Since you may not have set up your retirement savings and investing plan to accommodate frequent or full-time travel, you’ll need to seriously reexamine your retirement income plan. Once you know what you have to work with, you’ll be able to assess how much you can budget for daily expenses while traveling. A good financial consultant can help you analyze your investments to identify problems or potential for improvement.

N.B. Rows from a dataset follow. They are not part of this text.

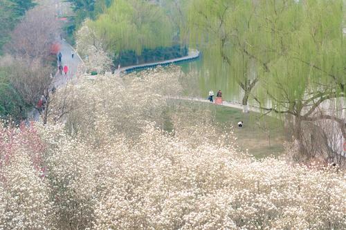 市龙源湖公园西门附近,白玉兰清雅如画;市人民公园悬索桥西南侧,玉兰树姿舒展,花开满枝,环境清幽,是写生、拍照的绝佳去处;市丰收路大转盘一带,北有白玉兰如雪,南有紫玉兰似霞,车行其间,花香扑面,让人不经意间与春光撞个满怀;焦作迎宾馆内,玉兰树长势繁茂,花开如云,雅致宜人,漫步其间步步生香,静享春日慢时光。市天河公园和市月季公园内,玉兰也错落栽植,与垂柳、青草相映,为早春添上一抹清丽亮色。
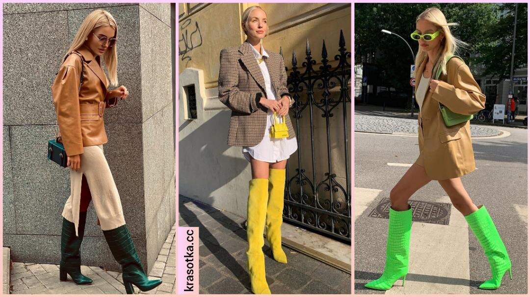 Ученые выяснили: при встрече люди в первую очередь смотрят на обувь. Сегодня мы расскажем , как сделать ваш образ ярче, используя советы профессиональных дизайнеров. Это выбор творческих натур, которые не хотят мрачно выглядеть осенью. Сапоги со стразами являются сильным акцентом в образе, поэтому чтобы не перегружать эмоциональный фон, одежду стоит выбирать без принтов и рисунков. Обувь прекрасно сочетается с синими прямыми джинсами и свитером оливкового цвета. Читайте также: С чем носить оливковый цвет в одежде: 16 интересных и модных комбинаций Они вдохновляют всех вокруг. Определенно, дама на шпильках будет выгодно выделяться среди общества. Если женщина наденет светлые брюки, белую рубашку, длинный плащ и солнцезащитные очки с оправой в тон обуви, получится образ с обложки глянцевого журнала. Читайте также: С чем носить неоновые цвета: 25 креативных идей для харизматичных дам Обувь на небольшом каблуке делает силуэт более привлекательным. Ноги будут казаться визуально длиннее, пох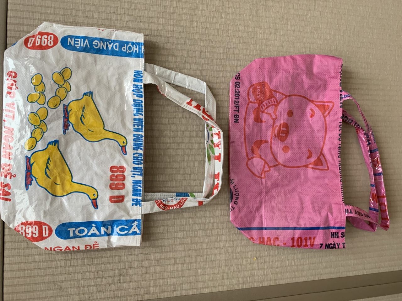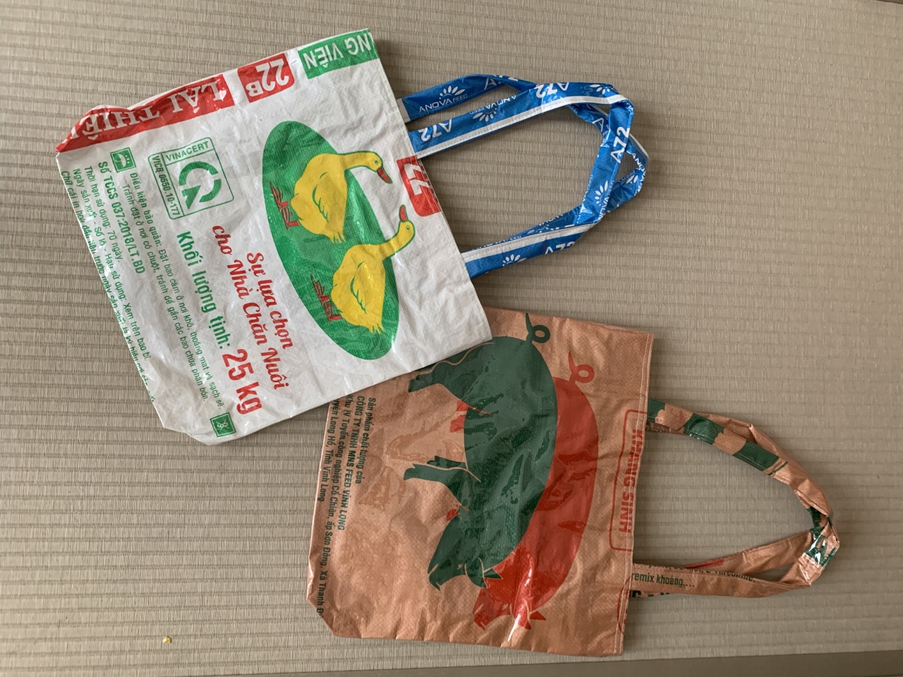 案内されたお店にも、カバンがたくさんありました。資材袋で作られたカバンをいくつか購入しました。まとめて購入すると、少し割引きしてくれました!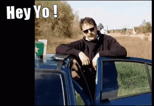 Djpknox leaning on a blue car, wearing sunglasses and headphones, with the text 'Hey Yo!' displayed.
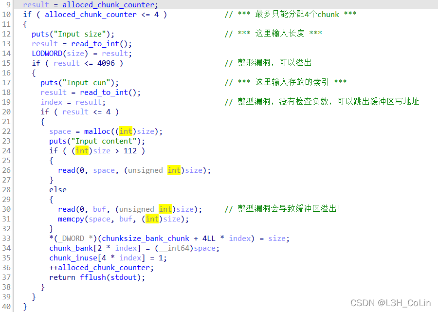 - 在create_exploit函数中的两个整型溢出漏洞,使chunk地址可以写到缓冲区的高地址处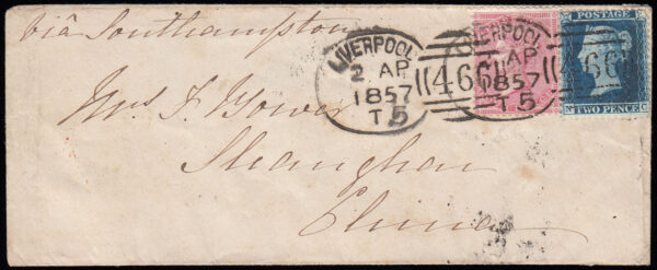 SG66 1857 Neat envelope to Shanghai, via Southampton.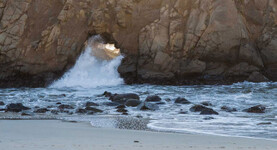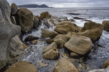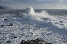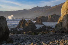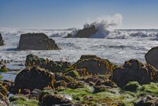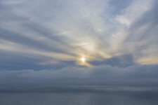 Land & Ocean meet, enveloped in Earth's thin skin of air.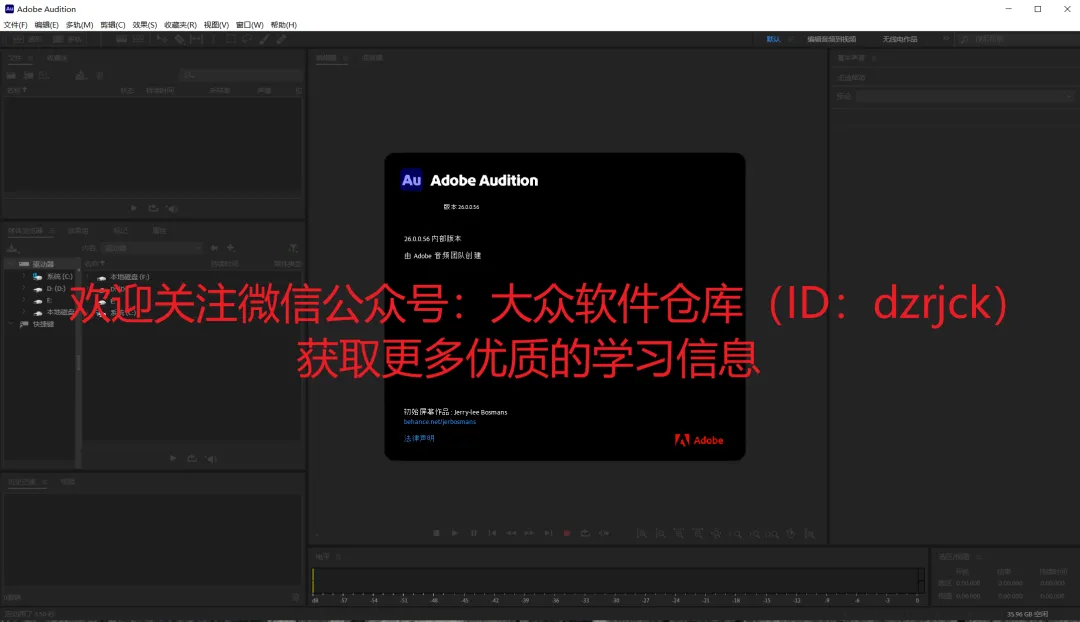 Adobe Audition是一个完善的多声道录音室,功能强大、界面明晰,设计得很人性化,可提供灵活的工作流程并且使用简便。无论是要录制音乐、无线电广播,还是为录像配音,Adobe Audition中的恰到好处的工具均可为您提供充足动力,以创造可能的最高质量的丰富、 细微音响。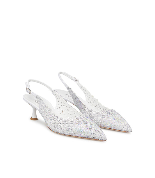 Slingback in camoscio bianco con cristalli

If you are taking a major plunge – heading out for a year or more on the road – it’s time to consider the ultimate in downsizing – selling your home and the majority of your possessions to finance your excursions. This is not a decision to make lightly, however, so take several months to investigate all the details involved, speak with your family and friends, and consult with your financial advisor. Another option is renting your house out while you travel, which is a good option if you want to return home eventually.
Budget-Friendly Retirement Travel
While flying first-class to a luxury hotel is certainly enjoyable, it isn’t normally part of a travel-based retirement. Instead, look for options that keep your budget under control. Along with choosing destinations that are known for their low cost of living and staying in inexpensive lodgings, you can cut costs in many other ways.
- Try a repositioning cruise: Cruise lines offer these discount trips when they need to move a ship from one port to another, usually during the off-season. Unlike typical cruises, the ship will not return to the port of origin but will stop at several ports on the way to the end destination.
- Volunteer: If you want to do good while seeing the world, consider a volunteer vacation. Options range from two years in the Peace Corps to a few days spent working in the fields of an organic farm, and just about everything in between. Generally, you’ll pay a set price that covers your food and lodging during the volunteer stint, usually much less than the trip would cost otherwise. There are volunteer vacation opportunities all over the world.
- Work as you go: You can replenish your bank account by working during your travels. Teaching English abroad, writing a blog or book based on your experiences, working as a virtual assistant or other online jobs, and starting a small import/export business are all possibilities.
- Swap houses: If you aren’t selling your home, put it to work supporting your travels. The typical house swap involves you and another homeowner moving into each other’s house for a stated period of time. It’s a great way to vacation abroad if you want to stay a week or more in one location. Sites like International Vacation Home Exchange make it easy to find an available home and provide safety measures for your peace of mind.
- House sit: Cover the cost of your lodgings by house sitting for a family that is doing some traveling of their own. In return for staying in the home for free, you might be expected to take care of pets, water plants or perform simple maintenance. Check out TrustedHousesitters.com to get a feel for house-sitting jobs around the world.
The Bottom Line
While some retirees are happy to spend time relaxing at home and visiting with friends, others long for a more adventurous lifestyle. If you fall into this category, and you’ve always dreamed of seeing the world, a retirement spent circling the globe might be the answer to your dreams. But before selling your possessions and buying a plane ticket, you’ll need to take an honest assessment of your financial situation, your travel goals and your daily budget. Have a talk with your financial advisor early in the decision-making process so you’re clear on the best way to maximize your money. Bon voyage!